- Value-added measures partially level the playing field by controlling for many student characteristics. But if they don't fully adjust for all the factors that influence achievement and that consistently differ among classrooms, they may be distorted, or confounded (An estimate of a teacher’s effect is said to be confounded when her contribution cannot be separated from other factors outside of her control, namely the the students in her classroom.)
- Simple value-added models that control for just a few tests scores (or only one score) and no other variables produce measures that underestimate teachers with low-achieving students and overestimate teachers with high-achieving students.
- The evidence, while inconclusive, generally suggests that confounding is weak. But it would not be prudent to conclude that confounding is not a problem for all teachers. In particular, the evidence on comparing teachers across schools is limited.
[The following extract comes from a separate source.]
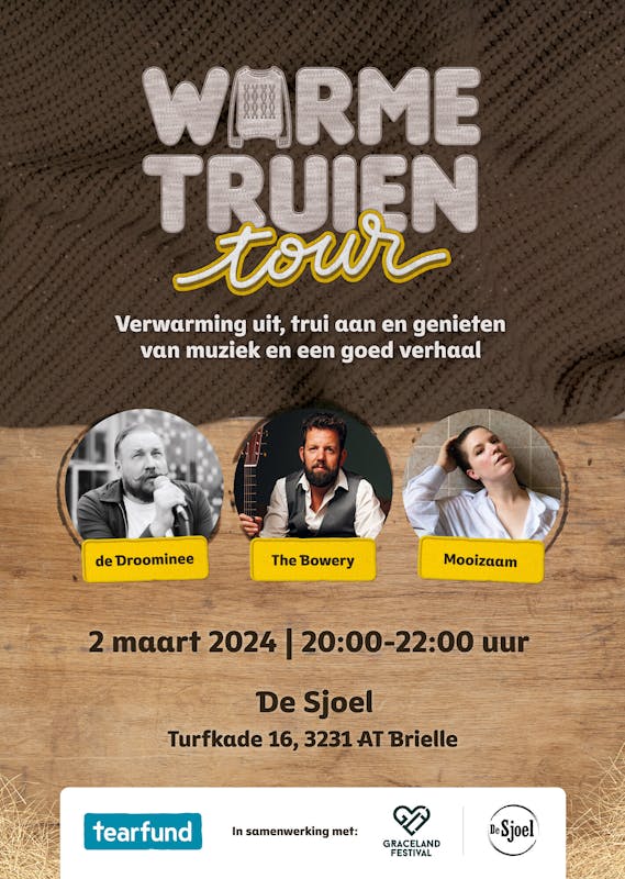Verwarming uit, warme trui aan en samen genieten van mooie muziek en een goed verhaal. Bezoek een Warme Truienavond: een intiem concert dat gehost wordt door spoken-word-artiest De Droominee (Rik Zutphen). Gegarandeerd een ontspannen, gezellige én inhoudelijke avond! Met inspiratie om samen recht te doen en rechtvaardig en duurzaam te leven. De Warme Truientour is een initiatief van Tearfund in samenwerking met Graceland Festival.
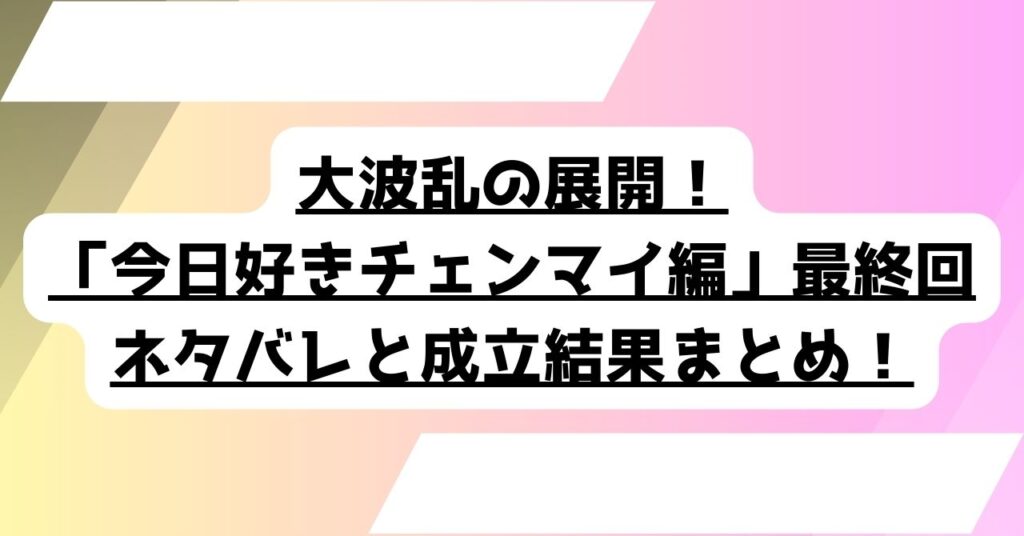 大波乱の展開!「今日好きチェンマイ編」最終回ネタバレと成立結果まとめ!

- Studies assess general patterns of confounding. They do not examine confounding for individual teachers, and they can't rule out the possibility that some teachers consistently teach students who are distinct enough to cause confounding.
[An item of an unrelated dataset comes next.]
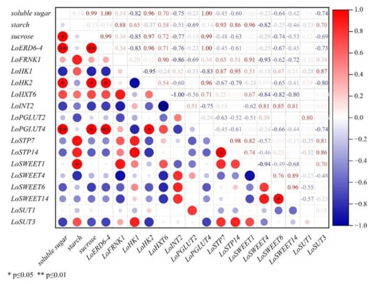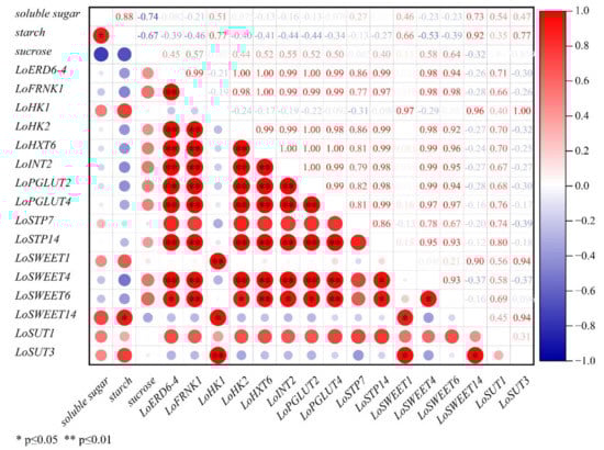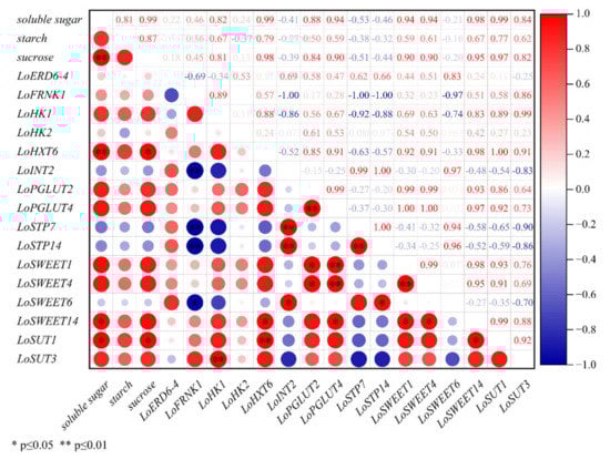 2.5. Correlation Analysis between Expression Levels of ST Genes and Carbohydrate Contents

- Value-added models often control for variables such as average prior achievement for a classroom or school, but this practice could introduce errors into value-added estimates.
- Confounding might lead school systems to draw erroneous conclusions about their teachers – conclusions that carry heavy costs to both teachers and society.
Value-added models have caught the interest of policymakers because, unlike using student tests scores for other means of accountability, they purport to "level the playing field." That is, they supposedly reflect only a teacher's effectiveness, not whether she teaches high- or low-income students, for instance, or students in accelerated or standard classes. Yet many people are concerned that teacher effects from value-added measures will be sensitive to the characteristics of her students. More specifically, they believe that teachers of low-income, minority, or special education students will have lower value-added scores than equally effective teachers who are teaching students outside these populations. Other people worry that the opposite might be true - that some value-added models might cause teachers of low-income, minority, or special education students to have higher value-added scores than equally effective teachers who work with higher-achieving, less risky populations.
In this brief, we discuss what is and is not known about how well value-added measures level the playing field for teachers by controlling for student characteristics. We first discuss the results of empirical explorations. We then address outstanding questions and the challenges to answering them with empirical data. Finally, we discuss the implications of these findings for teacher evaluations and the actions that may be based on them.